* [ABOUT THIS EXERCISE] Reproduce everything from the line that contains "εγωίστρια – ΦΩΤΟ" down to the line that contains "物品名稱:數數小貓、米奇配對" in the listing below, word for word and nothing more. Leave the pictures out.

* [EXERCISE INPUTS]

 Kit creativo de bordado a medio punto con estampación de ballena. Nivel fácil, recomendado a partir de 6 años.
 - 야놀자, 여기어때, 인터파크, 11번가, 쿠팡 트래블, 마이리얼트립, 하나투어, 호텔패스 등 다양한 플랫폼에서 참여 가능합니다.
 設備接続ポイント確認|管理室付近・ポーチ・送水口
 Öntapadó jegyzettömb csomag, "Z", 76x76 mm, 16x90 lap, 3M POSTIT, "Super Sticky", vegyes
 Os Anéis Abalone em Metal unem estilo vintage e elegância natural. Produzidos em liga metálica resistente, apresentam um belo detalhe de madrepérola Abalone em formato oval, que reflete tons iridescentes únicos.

==

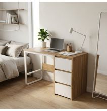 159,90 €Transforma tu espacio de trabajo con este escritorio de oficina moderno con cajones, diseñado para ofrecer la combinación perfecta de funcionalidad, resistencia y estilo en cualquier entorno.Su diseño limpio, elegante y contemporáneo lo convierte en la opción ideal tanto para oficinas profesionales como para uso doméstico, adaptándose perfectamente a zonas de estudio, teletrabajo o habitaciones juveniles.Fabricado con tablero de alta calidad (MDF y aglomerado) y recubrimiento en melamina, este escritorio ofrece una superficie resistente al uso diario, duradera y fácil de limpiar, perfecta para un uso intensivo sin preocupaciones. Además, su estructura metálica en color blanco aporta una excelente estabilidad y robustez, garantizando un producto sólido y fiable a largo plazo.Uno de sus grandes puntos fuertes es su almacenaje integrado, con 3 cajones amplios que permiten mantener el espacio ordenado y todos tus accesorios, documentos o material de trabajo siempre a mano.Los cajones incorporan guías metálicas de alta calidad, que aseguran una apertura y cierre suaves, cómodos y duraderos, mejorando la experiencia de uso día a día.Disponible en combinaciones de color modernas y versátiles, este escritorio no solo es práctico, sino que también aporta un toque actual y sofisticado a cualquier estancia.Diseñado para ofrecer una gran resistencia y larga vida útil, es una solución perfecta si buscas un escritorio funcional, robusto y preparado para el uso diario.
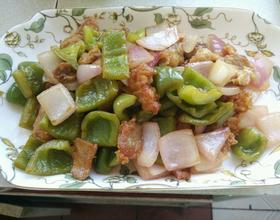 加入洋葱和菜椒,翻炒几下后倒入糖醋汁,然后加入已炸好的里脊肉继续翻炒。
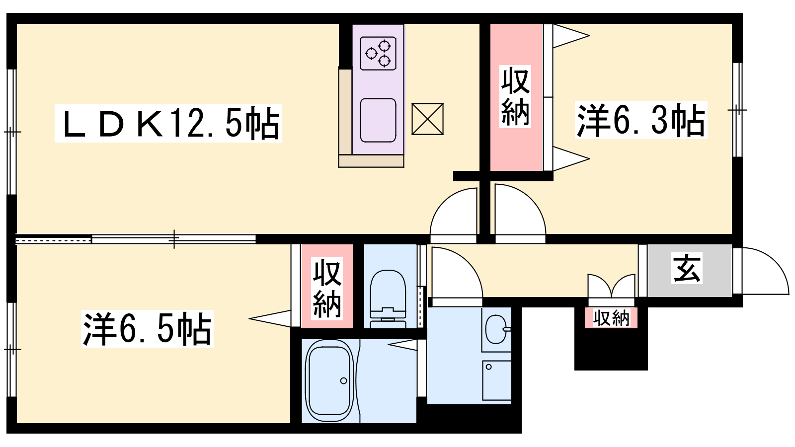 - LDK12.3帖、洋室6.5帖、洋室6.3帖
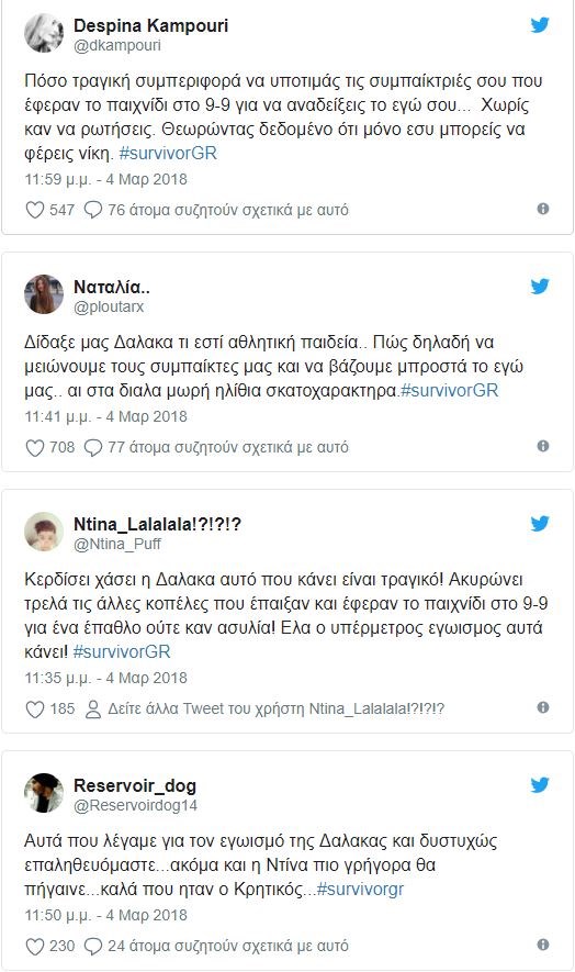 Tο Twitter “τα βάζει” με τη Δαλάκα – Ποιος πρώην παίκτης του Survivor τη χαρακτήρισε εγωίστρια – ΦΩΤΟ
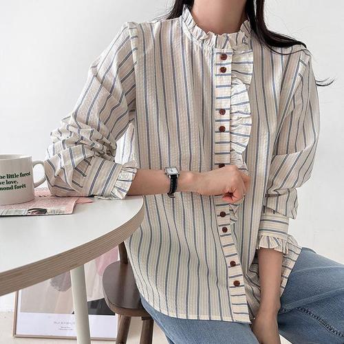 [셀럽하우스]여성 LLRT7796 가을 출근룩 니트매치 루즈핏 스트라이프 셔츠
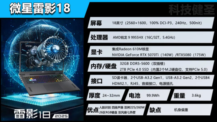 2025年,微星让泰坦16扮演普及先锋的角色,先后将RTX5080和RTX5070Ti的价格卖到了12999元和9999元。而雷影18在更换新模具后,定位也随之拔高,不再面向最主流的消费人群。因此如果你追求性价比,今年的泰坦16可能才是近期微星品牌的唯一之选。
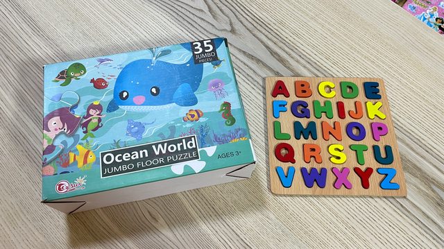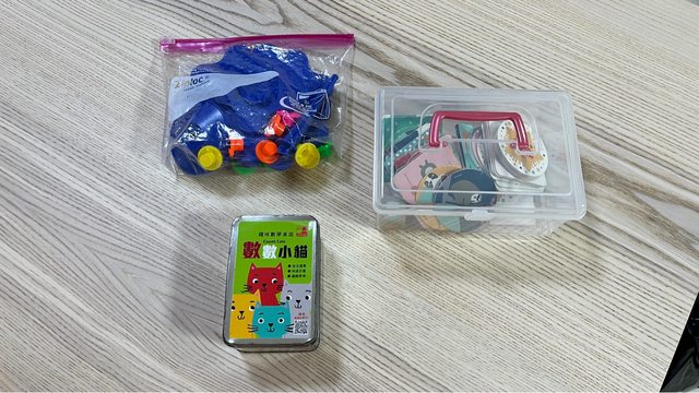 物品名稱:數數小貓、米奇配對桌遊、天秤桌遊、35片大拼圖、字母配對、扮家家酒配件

* [TASK RESULT]
 Tο Twitter “τα βάζει” με τη Δαλάκα – Ποιος πρώην παίκτης του Survivor τη χαρακτήρισε εγωίστρια – ΦΩΤΟ
 [셀럽하우스]여성 LLRT7796 가을 출근룩 니트매치 루즈핏 스트라이프 셔츠
 2025年,微星让泰坦16扮演普及先锋的角色,先后将RTX5080和RTX5070Ti的价格卖到了12999元和9999元。而雷影18在更换新模具后,定位也随之拔高,不再面向最主流的消费人群。因此如果你追求性价比,今年的泰坦16可能才是近期微星品牌的唯一之选。
 物品名稱:數數小貓、米奇配對桌遊、天秤桌遊、35片大拼圖、字母配對、扮家家酒配件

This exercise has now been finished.